On Tue, Oct 11, 2022 at 08:10:26AM +0530, Kumar Kartikeya Dwivedi wrote:

[...]

> > > > > Also, even if you made it work, wouldn't you have the warning once you
> > > > > run more selftests using prog_test_run, if you just set the  destroyed
> > > > > bit on each test run?
> > > >
> > > > If we want to update the test to have the refcount drop to 0, we would
> > > > probably have to instead use dynamically allocated objects. At that
> > > > point, we'd probably just crash instead of seeing a warning if we
> > > > accidentally let a caller invoke acquire or release after the object had
> > > > been destroyed. Maybe the better thing to do here is to just warn
> > > > unconditionally in the destructor rather than setting a flag? What we
> > > > really want to ensure is that the final refcount that's "owned" by the
> > > > main kernel is never dropped.
> > >
> > > I think the refcount_t API already warns if underflow happens.
> >
> > Right, a warning would probably show up if we did a release that caused
> > an underflow, but it would not for an acquire after the refcount dropped
> > to 0.
> >
> 
> It should, see REFCOUNT_ADD_UAF in include/linux/refcount.h.

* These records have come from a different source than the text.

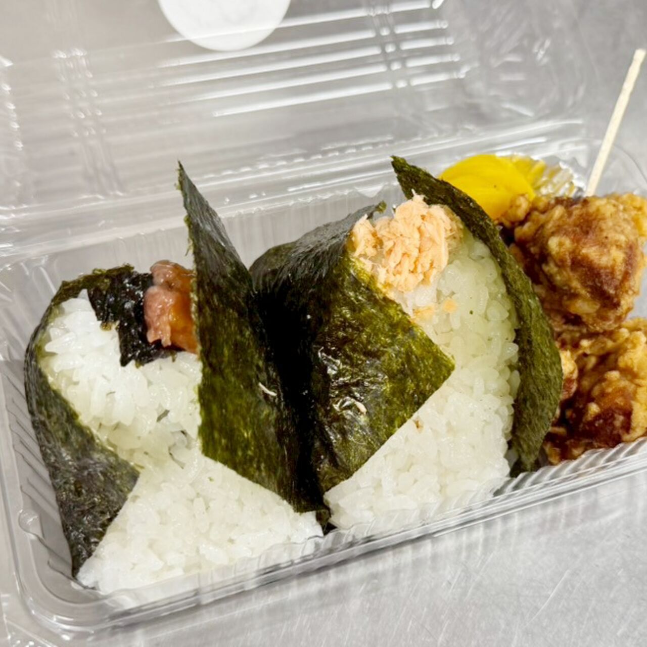 おにぎり2個と唐揚げ、沢庵のセット
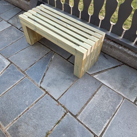 Solid benk av trykkimprignerte materialer. Lages i 120 cm (45cm høy, 40 cm bred), eller annen størelse på bestilling. Levering mot ekstra betaling.
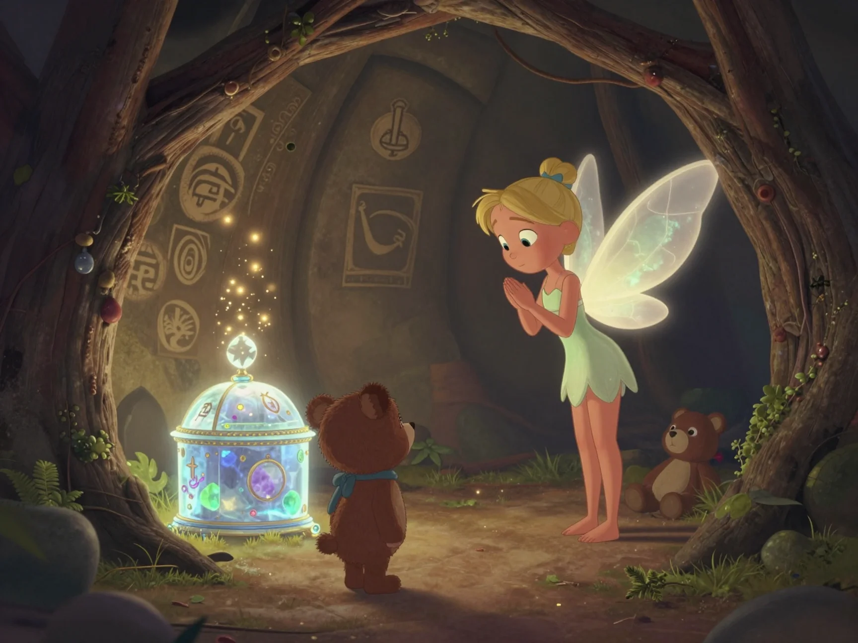 — Смотрите! — воскликнула я, залетая внутрь. — Краски почти погасли. Нам нужно действовать быстро. В этой пещере эхо повторяет каждое слово, но оно превращает его в то, что ты чувствуешь. Если мы будем говорить добрые слова, пещера наполнится светом!

Ahh, right you are, fair enough and thanks for hand holding and pointing
me directly at the relevant code. I now agree that the warns on the
destroyed field are just redundant.

> > > To be clear, I don't mind if you want to improve this, it's certainly
> > > a mess right now. Tests can't even run in parallel easily because it's
> > > global. Testing like an actually allocated object might be a good way
> > > to simulate a real scenario. And I totally agree that having a real
> > > example is useful to people who want to add support for more kptrs.
> >
> > Ok, let me update the tests to do two things then:
> >
> > 1. Add a new test kfunc called bpf_kfunc_call_test_alloc() which returns
> >    a dynamically allocated instance of a prog_test_ref_kfunc *. This is
> >    similar in intention to bpf_xdp_ct_alloc().
> > 2. Update bpf_kfunc_call_test_acquire() and
> >    bpf_kfunc_call_test_release() to take a trusted pointer to that
> >    allocated prog_test_ref_kfunc *.
> 
> This should work, but you would have to go through a lot of tests,
> sadly I assumed it is global in a lot of places to make testing easier
> (e.g. observing count after releasing by doing p->next, which gave me
> a PTR_TO_BTF_ID that is preserved after release).
> Some other way would have to be found to do the same thing.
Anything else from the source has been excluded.